A chance to be on the Joe Franklin Show. Well, if I didn't go through
with it then I'd know for sure that I really was crazy. I'd written a
pamphlet called "Rock and Roll Equations," whose jokes
were as insipid as they were brief. This seemed to be the perfect
vehicle to gain an audience with America's King of the Unconscious
Non-sequitur.
Like so many of his expectant guests, I was courted cautiously with at
least thirty-five separate phone calls to The Man. Joe loves the
telephone. As one of his confidantes informed me later,
"Joe is a TELEPHONE JUNKIE.' The man has a jones for phones, who can
explain it? Maybe it's the way the plastic receiver warms up between his
bulbous neck and equally fleshy shoulder. Give him a ring sometime--he's
in the book and he'd probably love to hear from you. Each call was
nearly identical: "David, m'boy, howareya? What can I do for ya where
do ya live tell you what call me back at ten o'clock tonight I'll MAKE
YOU VERY HAPPY." Click. What a nutty guy.
I finally met Joe on a rainy Thursday, eleven floors above the Forty
Second Street traffic and three card monteed-incense. I was asked to
wait in a wooden chair outside his office door by his secretary
(concubine?) who took his calls with a seventeen-year-old-gum-chewing
ferociousness that made my knees weak. His office was packed with
Nostalgia-grimy Ethel Merman lobby cards fighting for space against Baby
LeRoy cardboard puppet heads. In the corner an unshaven Fiorello
LaGuardia read the funny pages to an indifferent Fanny Brice as The Past
funneled down into a swirling sea of unkempt days gone by.
I heard that nasal Joe voice before I saw him, like so many of his fans
did back in the innocent days of Philco radios and Harry Von Zell.
Barking instructions auctioneer-like to a gaggle of hangers-on, Joe
angled around the corner, his size-five shoes propelling that tiny
frame...it was the Nabob of Nostalgia JOE FRANKLIN extending his little
webbed fingers towards the Spazz. Fingers that had licked the dust off
the Palace Theatre floorboards, fingers that had caressed every nuance of
Liza Minnelli's eight by ten glossies, fingers that had gripped moist,
nostalgic secrets in the back of his office for the past forty-odd years.
Joe pulled up another wooden chair and sat down across from me in the
hallway, his feet barely meeting the floor. "You know David they have
these computers down in Washington D.C. these
HUGE COMPUTERS and they can tell you ANYTHING about ANYONE in the world
isn't that amazing?"
I nodded sagely at this mystic from the Planet Durante like I knew what
the hell he was talking about. Then one of his several young ladies
knelt down beside him, I guess she was Mandy or Sandy or Candy or Lillian
or Dorothy and Joe asked her how everything was, the acting classes or
the dancing classes which he had appeared to be footing the bill for, and
she said "Everything's fine, Joe," and Joe was caressing the nape of her
teenage neck (my eyes were firmly bugged out by now) and Joe asked her
"Who's the greatest?" and she responded "You are, Joe," and Joe said
"Tell me again WHO'S THE GREATEST?" and she again cooed "You are, Joe,"

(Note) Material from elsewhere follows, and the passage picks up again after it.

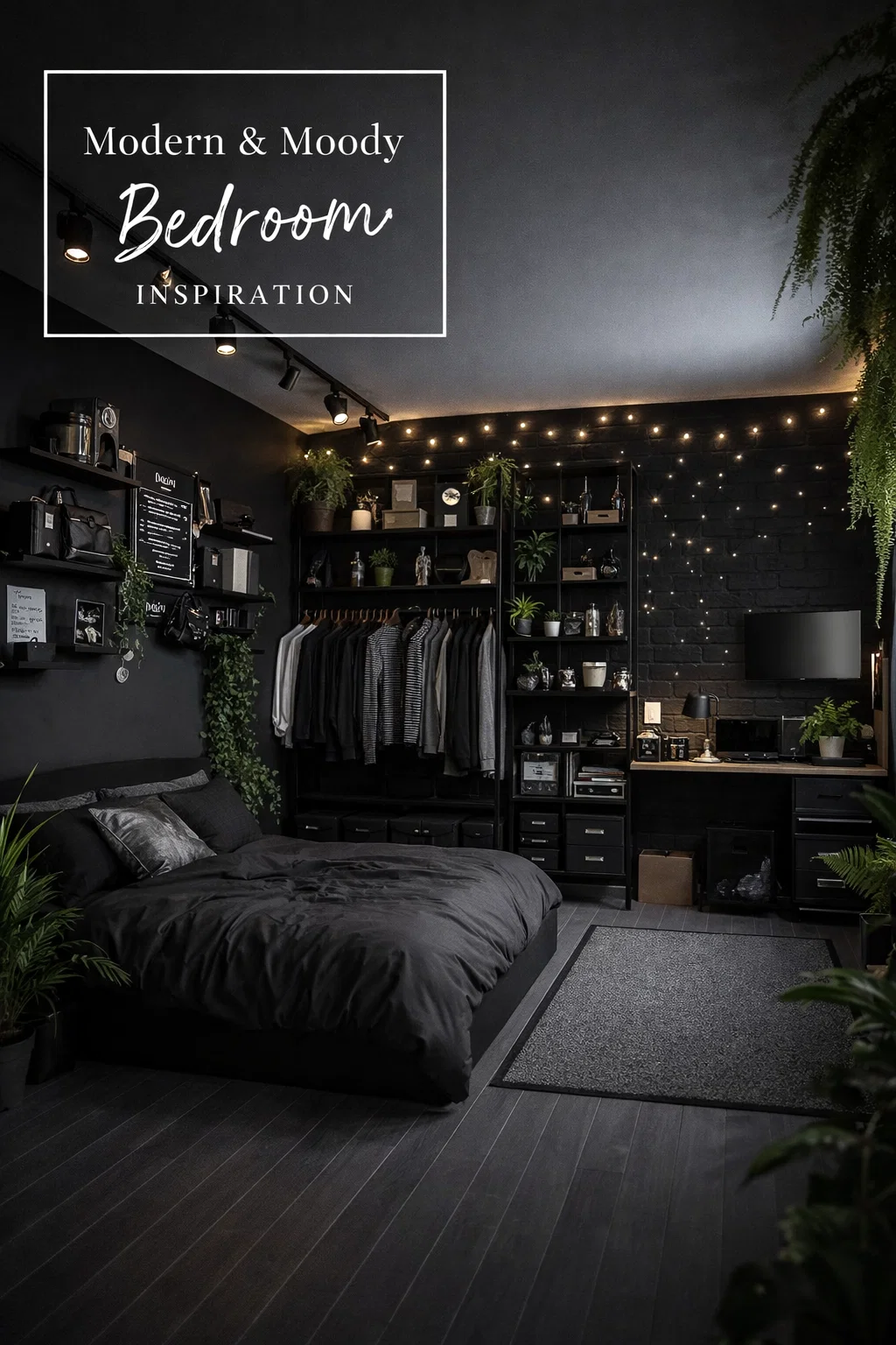 Modern Black Dorm Room Decor Dark Aesthetic Bedroom Inspiration Ideas

and then he bent down and whispered in her ear and they both disappeared
behind the fogged glass of the office door.
After what seemed like ten minutes or so, Joe emerged from The Past and
was greeted by two more seventeen year old model types. The kinda girls
who in high school wouldn't give me the time of day, yet who were
attracted to the sexual magnetism that IS Joe Franklin. Forty-one years
in the business for what? Monetary gains? Hobnobbing with down and out
Coulda-beens and Has-beens and Jolsons-to-be? Or is it the twenty-four
hour, seven day a week Babe Alert that keeps the guy ticking? The man
never lacks an escort even though his hairweave looks like a toxic spill
and his last lucid thought vanished during a station break in 1953.
Forget Lloyd Lindsey Young. Joe Franklin is the true stud of Channel
Nine.
Getting on the show was almost anti-climatic. Of course I did share
the couch with the ex-wife of Robert Goulet, her face-lift gurgling and
bulging like a vat of soup set on high boil. Joe mispronounced names and
read the cue cards like they were eye charts but the best moment of the
show was when I handed him an FMU T-shirt. As with any gift, he held it
up admiringly for the cameras and beamed proudly. Had Joe looked a
little closer, he might've noticed that the shirt was designed by Drew
Friedman, whom Joe had tried unsuccessfully to sue for a million dollars
over a comic strip a few years ago. That was fun.
After I invoked the names of Gummo and El Brendel on national
television, I knew that my fifteen minutes were up and I could join the
living once more. I left the Secaucus studios with a combined sense of
respect, awe and disgust for this pudgy talk show host; this low-fidelity
elf who counted off the years with a vixen in one hand and an Ish
Kabbible seventy-eight in the other.